But again, all of this is normal in the Purgative Way. I don’t beat myself up because of it. It’s simply part of the process. In the beginning, we over emphasize information acquisition because we’re trying to figure things out. We don’t have the benefit of lived experience, so we overcompensate by adding layer upon layer of information. This was my misstep. I needed to slow down consuming information and start practicing the information I had. As one of my favorite Spiritual Directors, François Fénelon, once wrote to one of his directees, “You already know much more than you practice. You don't need to learn new things nearly as much as you need to apply what you already have.”
Of course, I knew about spiritual practices:
Dallas Willard taught me that grace was not opposed to effort but worked with my effort.

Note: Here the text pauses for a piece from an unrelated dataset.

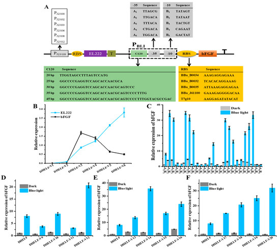 Subsequently, the correlation between the strength of the PBLI promoter and the transcriptional activity of the bFGF gene was investigated [41,49]. To this end, we conducted a comprehensive analysis of the PBLI promoter architecture by systematically modifying the −35 and −10 hexamer sequences, which were critical determinants of promoter strength and specificity. This approach aimed to fine-tune the promoter’s strength and minimize leakiness, ultimately identifying the optimal combination for blue light-induced bFGF expression while minimizing background expression in the absence of blue light stimulation. As presented in Figure 4C, the A3B5 variant of the promoter construct exhibited the lowest level of basal expression, indicative of a successful reduction in leakiness. However, the relative induction in bFGF expression under blue light illumination was modest, at only 8.1-fold. Notably, while the basal expression of the A4B3 group was significantly lower than that of A1B1 (the control PBLI) under dark conditions, a substantial 34.8-fold induction in bFGF expression was observed upon blue light illumination. These results underscored the critical role of PBLI promoter strength, as influenced by the specific combination of −35 and −10 hexamers, in achieving enhanced blue light-induced bFGF expression. Furthermore, we tried to optimize the efficiency of translation initiation by evaluating various ribosome binding sites (RBS) sequences positioned upstream of the bFGF gene [51]. A range of RBS with different predicted strengths was selected and tested to identify the optimal translation initiation rate that effectively balanced protein production with the allocation of cellular resources. As illustrated in Figure 4D, a stronger RBS variant (rbsD) was strategically positioned upstream of the bFGF coding sequence. Upon blue light induction, the strain DHELF-V12, which harbored the optimized RBS (T7g10), demonstrated the highest increase in bFGF protein expression among all tested strains, highlighting the efficacy of this optimization strategy. The result exhibited that the optimization of the PBLI promoter and the RBS sequences not only enhanced the inducibility of the bFGF gene but also ensured that the expression system remained quiescent in the absence of blue light stimulus, thereby minimizing the metabolic burden on the E. coli cell. These findings collectively demonstrated the importance of fine-tuning both transcriptional and translational control elements in maximizing the efficiency of blue light-induced bFGF expression.

Richard Foster taught me to train instead of try to be like Christ. But what I hadn’t learned yet, was what practices to start with, how to implement them, and maybe most importantly how to maintain them. In other words, I didn’t know how to train with spiritual practices inside a Rule of Life, all of which emerged later, in the Illuminative Way.
Honestly, what I needed was in-person guidance from someone further along the path: a wise mentor, a Spiritual Director, or a contemplative Pastor, to use Eugene Peterson’s lovely phrase. I needed grounding in community, a rootedness in relationships.
Looping Fear
After an hour of thumbing through books, I grabbed some fast-food and recharged my enthusiasm.
When I returned to the monastery it was dark. I got to my room, turned the knob of the table lamp and tried reading through the entire letter to the Romans. I think Dallas Willard mentioned this on an old cassette tape once.
It was harder than I thought, so after the twelfth chapter I bowed out and went to bed.
The room got quiet—so quiet that I began hearing all the noises an old building makes. And that’s when the hysteria kicked in.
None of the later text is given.